▶ [Task]: In your copy of the data below, reproduce every entry exactly and omit the pictures.
* * * * * * * * *
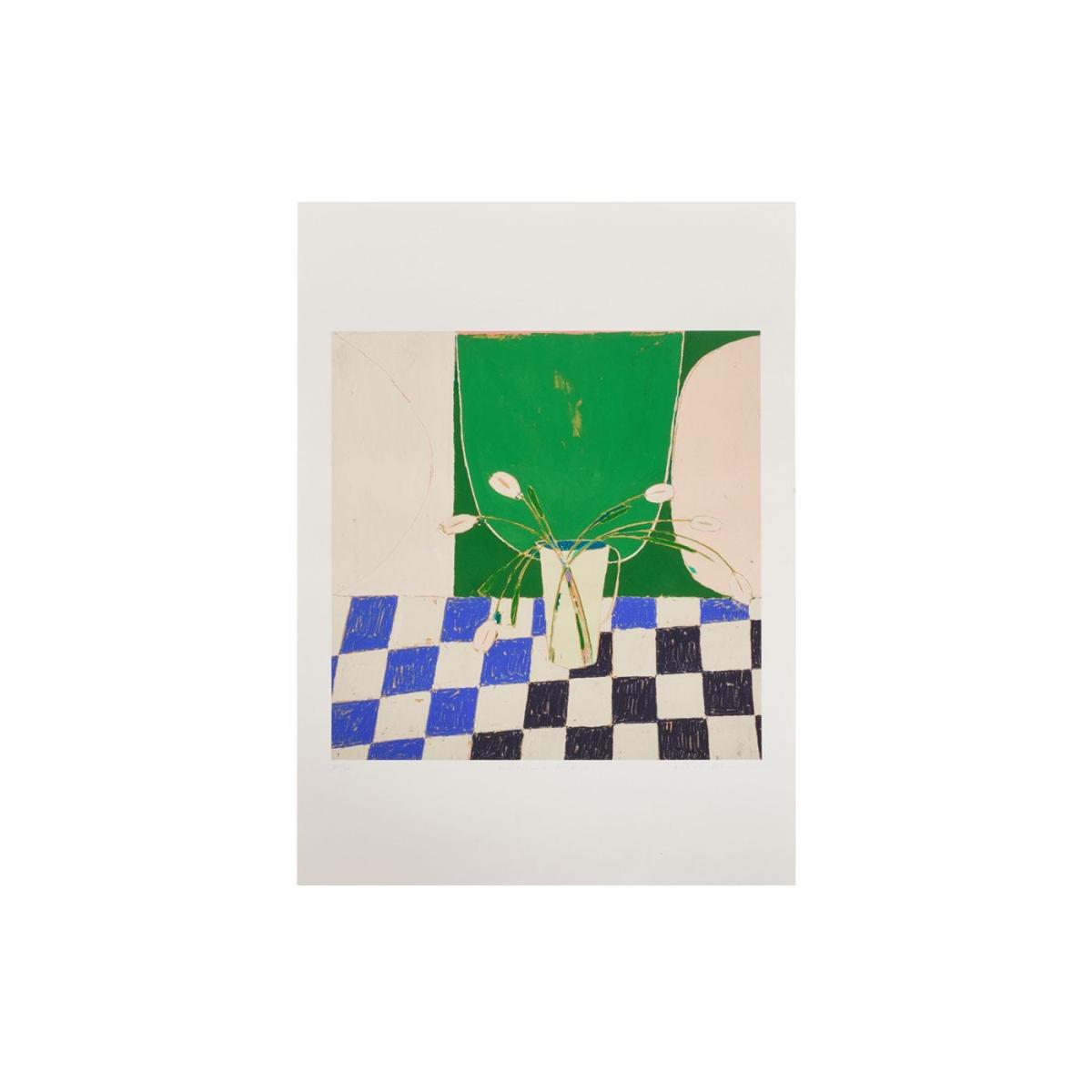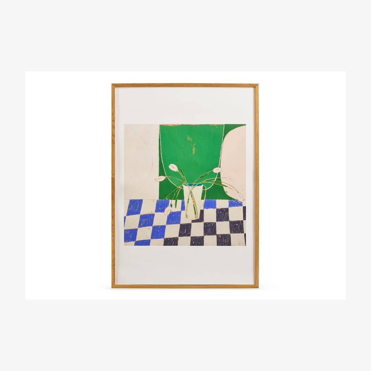 Fun Tulips in the Studio’ captures a moment in the studio in early spring - a jug of sculptural tulips sits on a fun checked table cloth with a colour palette picking up on hues from surrounding paintings.
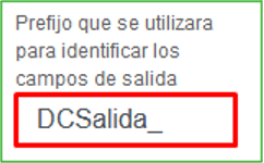 Por último, en la sección “Prefijo que se utilizara para identificar los campos de salida” agregamos el prefijo “DCSalida_”.
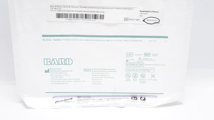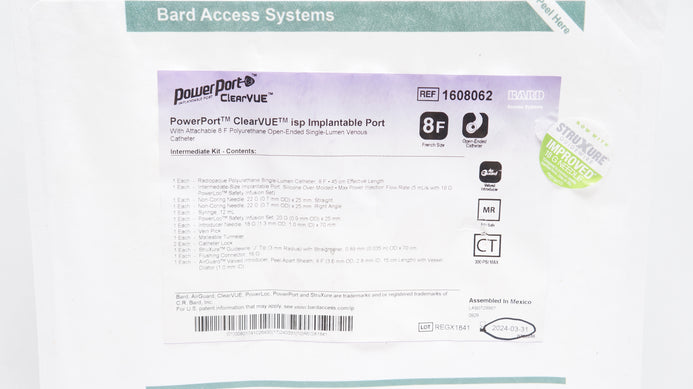 Bard 1608062 PowerPort ClearVue Isp Implantable Port w/Venous Cath. 8F (x)
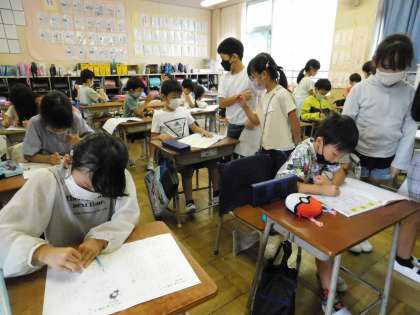 2年1組も算数の学習プリントをしていました。早めに終わった子もいたようですね。
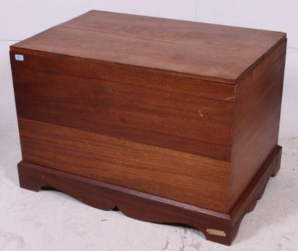 A good anglo - indian teak wood coffer - blanket box chest. Of heavy construction having plain panels, hinged top with plinth base. Measures: 63cm x 95cm x 65cm.
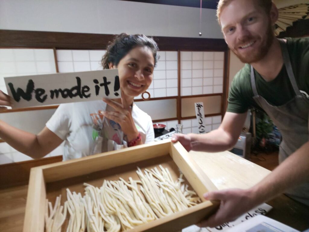 より本物に近づくように、お客様に極太のごわごわした麺を作って頂きます。
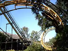 | _01.jpg.webp) Python's double-corkscrew element (chain lift and first drop in background) | |
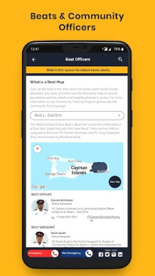 The app also places the names and mobile numbers of our Community Beat Officers at the fingertips of the public through our “Beat Officers” button. An interactive beat map describes the beats around the islands, alongside the photos and contact information the officers assigned to them. A cornerstone of our community policing ethic is to make ourselves accessible and responsive to the community members and their concerns. This mobile application only enhances this accessibility several times over, and fosters the kind of real connection between officers and community members that can solve crime.
* * * * * * * * *
▶ [Exercise answer]:
 Fun Tulips in the Studio’ captures a moment in the studio in early spring - a jug of sculptural tulips sits on a fun checked table cloth with a colour palette picking up on hues from surrounding paintings.
 Por último, en la sección “Prefijo que se utilizara para identificar los campos de salida” agregamos el prefijo “DCSalida_”.
 Bard 1608062 PowerPort ClearVue Isp Implantable Port w/Venous Cath. 8F (x)
 2年1組も算数の学習プリントをしていました。早めに終わった子もいたようですね。
 A good anglo - indian teak wood coffer - blanket box chest. Of heavy construction having plain panels, hinged top with plinth base. Measures: 63cm x 95cm x 65cm.
 より本物に近づくように、お客様に極太のごわごわした麺を作って頂きます。
 | _01.jpg.webp) Python's double-corkscrew element (chain lift and first drop in background) | |
 The app also places the names and mobile numbers of our Community Beat Officers at the fingertips of the public through our “Beat Officers” button. An interactive beat map describes the beats around the islands, alongside the photos and contact information the officers assigned to them. A cornerstone of our community policing ethic is to make ourselves accessible and responsive to the community members and their concerns. This mobile application only enhances this accessibility several times over, and fosters the kind of real connection between officers and community members that can solve crime.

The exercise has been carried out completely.